■ **EXTRACTED MATERIAL**

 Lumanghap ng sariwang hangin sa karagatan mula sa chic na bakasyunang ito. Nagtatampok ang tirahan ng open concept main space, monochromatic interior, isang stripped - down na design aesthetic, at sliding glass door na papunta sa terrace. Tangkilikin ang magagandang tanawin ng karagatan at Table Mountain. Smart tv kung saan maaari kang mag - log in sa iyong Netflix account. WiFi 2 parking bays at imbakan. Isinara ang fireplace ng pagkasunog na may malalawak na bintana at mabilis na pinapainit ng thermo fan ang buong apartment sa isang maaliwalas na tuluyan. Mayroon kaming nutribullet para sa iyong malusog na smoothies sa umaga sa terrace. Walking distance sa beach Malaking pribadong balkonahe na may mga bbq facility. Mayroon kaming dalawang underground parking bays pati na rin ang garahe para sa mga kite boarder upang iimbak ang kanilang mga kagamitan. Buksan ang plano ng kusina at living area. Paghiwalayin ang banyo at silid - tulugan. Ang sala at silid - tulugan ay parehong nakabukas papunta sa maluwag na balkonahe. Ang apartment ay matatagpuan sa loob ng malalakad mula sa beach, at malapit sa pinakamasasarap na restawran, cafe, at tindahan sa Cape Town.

--

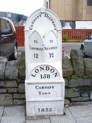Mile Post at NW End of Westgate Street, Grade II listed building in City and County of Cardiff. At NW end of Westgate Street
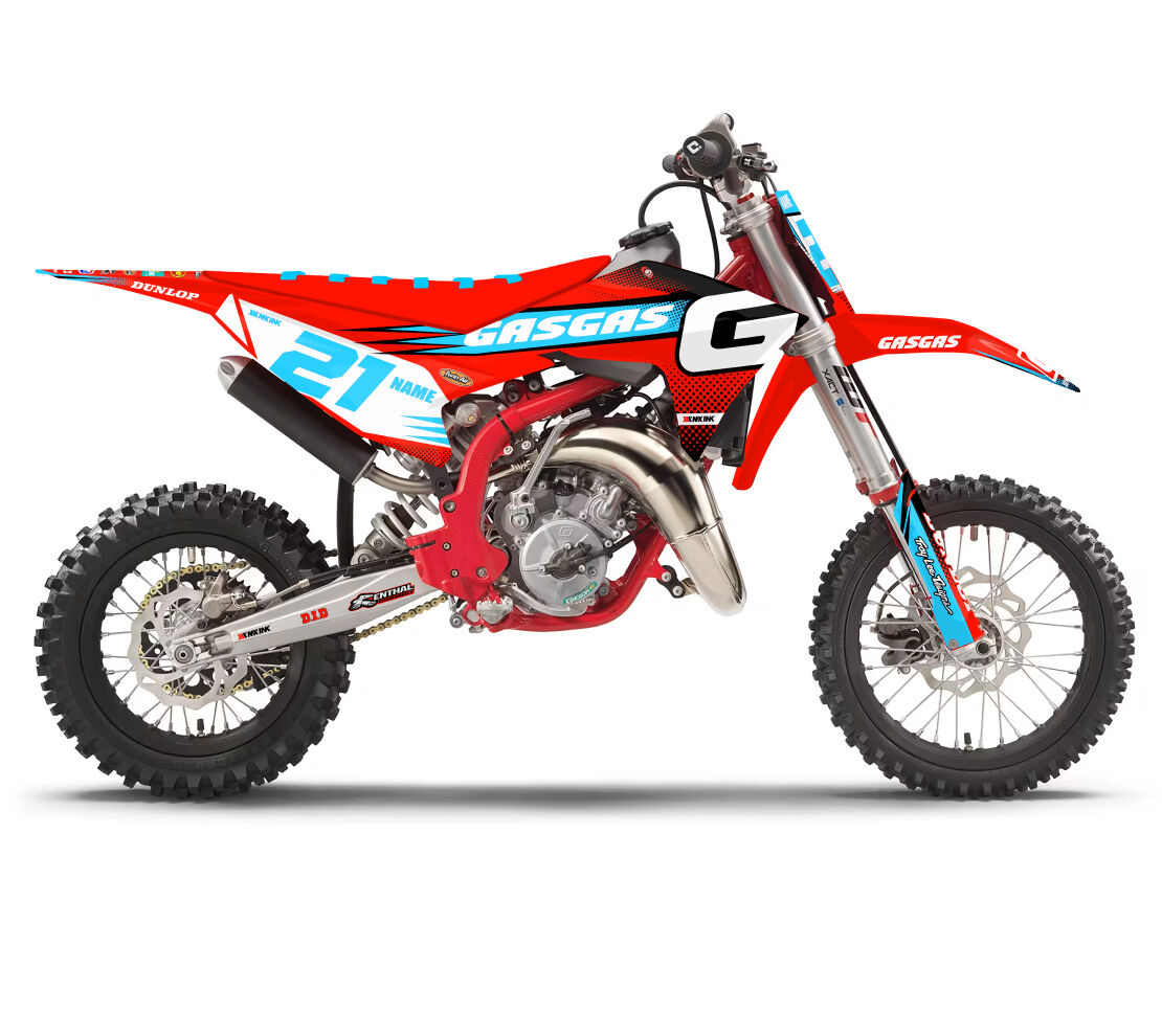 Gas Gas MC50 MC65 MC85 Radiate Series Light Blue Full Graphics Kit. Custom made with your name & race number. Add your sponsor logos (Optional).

==

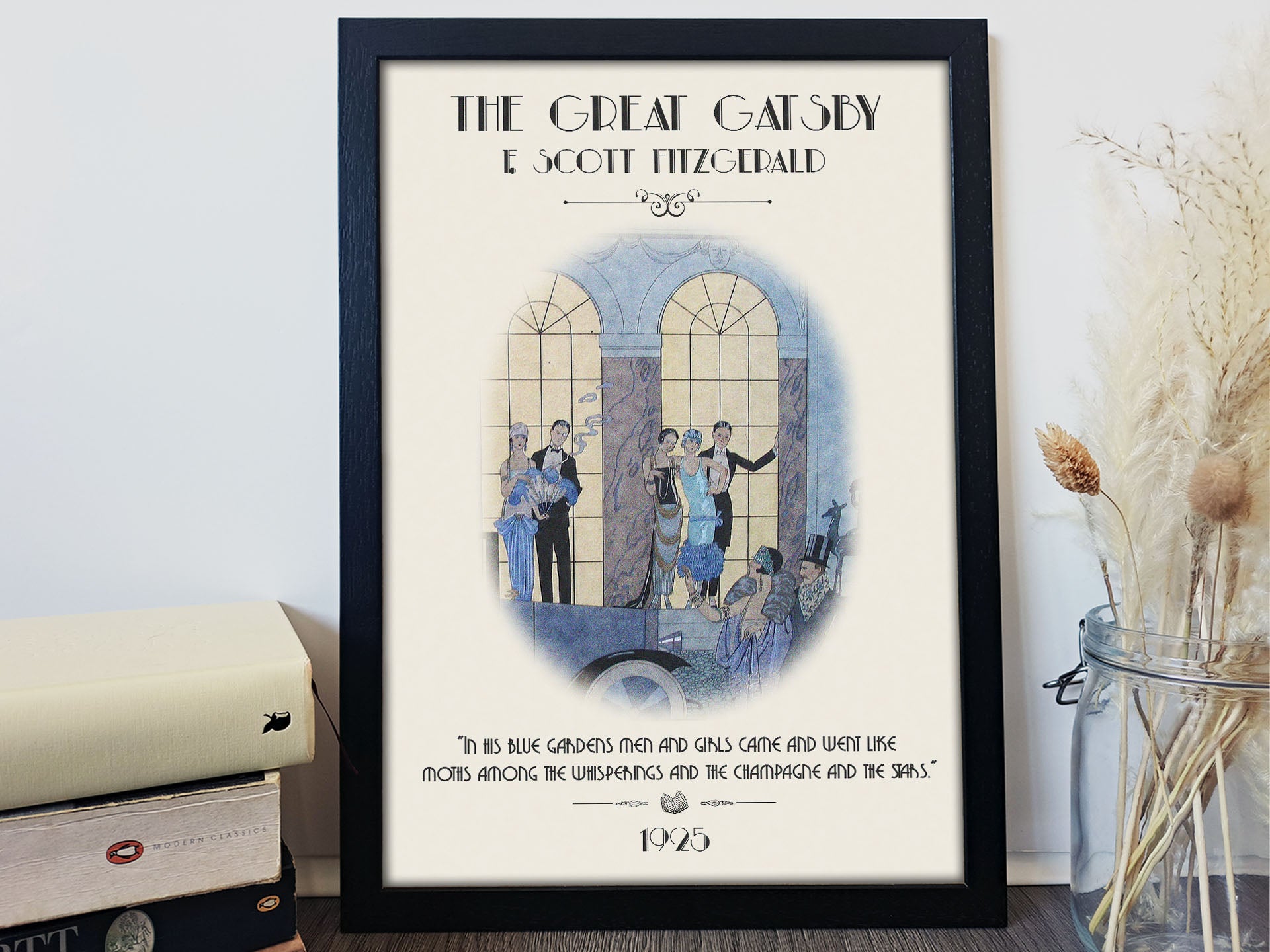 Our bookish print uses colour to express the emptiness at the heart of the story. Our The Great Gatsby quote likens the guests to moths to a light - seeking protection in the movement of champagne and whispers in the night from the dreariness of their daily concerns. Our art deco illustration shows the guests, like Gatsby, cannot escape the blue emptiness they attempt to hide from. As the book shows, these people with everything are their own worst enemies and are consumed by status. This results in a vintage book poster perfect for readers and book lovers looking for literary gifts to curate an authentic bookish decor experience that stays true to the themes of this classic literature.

■ **PROBLEM TO SOLVE**
In the records above, find the line with "Mile Post at" and the line with "Gas Gas MC50", then restate word for word only those two lines and all lines between, omitting pictures.

■ **TASK RESPONSE**
Mile Post at NW End of Westgate Street, Grade II listed building in City and County of Cardiff. At NW end of Westgate Street
 Gas Gas MC50 MC65 MC85 Radiate Series Light Blue Full Graphics Kit. Custom made with your name & race number. Add your sponsor logos (Optional).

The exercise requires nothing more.